If you stop when the current falls to a certain (arbitrary) amount, say C/40, then, as the battery ages it may never fall that low. If that happens your charger stays in absorption until it ruins the battery.
 

Thread Starter

LMF5000

Joined Oct 25, 2017
87
Charge to 2450mV per cell, and stop charging when the current stops falling. When dI/dt reaches zero the battery is fully charged.
If you stop when the current falls to a certain (arbitrary) amount, say C/40, then, as the battery ages it may never fall that low. If that happens your charger stays in absorption until it ruins the battery.
Fair enough, unfortunately my charger doesn't support dI/dt (it actually stops when current falls below 10% of bulk current). I can however implement your suggested algorithm by observing the charger display and manually stopping when current doesn't change for a while. How long should I wait before considering dI/dt to have reached zero? Say, 30 minutes of seeing the same current reading? The digital current gauge on the charger is accurate to 0.1A.

So far current has always continued to decline slowly the longer I leave it on charge, but after 2h at 14.4V it seemed overkill to keep waiting for the current to decline further. I'd appreciate your thoughts on this.
 

boostbuck

Joined Oct 5, 2017
15
I suggest you invest in a modern multistage charger. This will take the battery through a bulk charge and an absorb stage, and at completion will hold the battery at float voltage, which is the optimum for long term storage.

You shouldn't take an AGM battery to the point where you can hear sounds issuing from it. I would suggest you err on the side of caution (ie lower final charge voltage) to avoid gassing.

The data sheet provides the manufacturer's recommended charging parameters, and your questions are answered by the graphs.
 

Thread Starter

LMF5000

Joined Oct 25, 2017
87
I suggest you invest in a modern multistage charger.
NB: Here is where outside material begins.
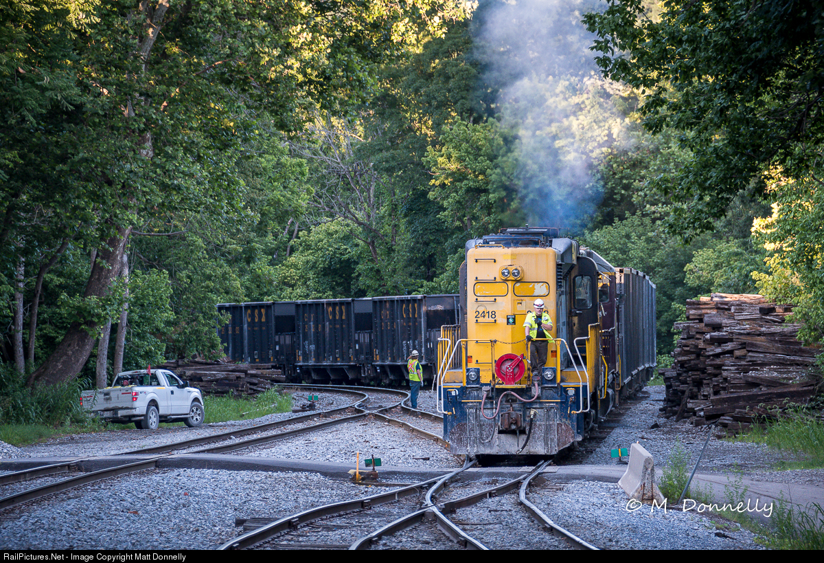 Throttling up with a cut of hoppers to head back into the quarry for assembly and pickup by CSX, these two LTEX EMD's throw up a cloud of blueish-white exhaust.

This will take the battery through a bulk charge and an absorb stage, and at completion will hold the battery at float voltage, which is the optimum for long term storage.

You shouldn't take an AGM battery to the point where you can hear sounds issuing from it. I would suggest you err on the side of caution (ie lower final charge voltage) to avoid gassing.

The data sheet provides the manufacturer's recommended charging parameters, and your questions are answered by the graphs.
The graph in the datasheet is for standby use (charge at 2.275V/cell) - my application requires cyclic use.

I know sounds from a sealed battery are probably bad because they represent consumption of non-replaceable electrolyte, but they're very, very faint. I had to turn off everything in the house and press my ear right up against the battery to hear it. I was actually deliberately looking for it because I was curious whether sealed batteries would sound like flooded batteries at the end of charge. And the current and voltage were well within manufacturer's specs.

I actually got a reply from the manufacturer this morning by email. Here's what they said:

It is very important to charge the battery with the 14,8 Volt range. If you do 14,4 Volt the battery will not charge fully. And the charger must have a current of 9 Amps maximum.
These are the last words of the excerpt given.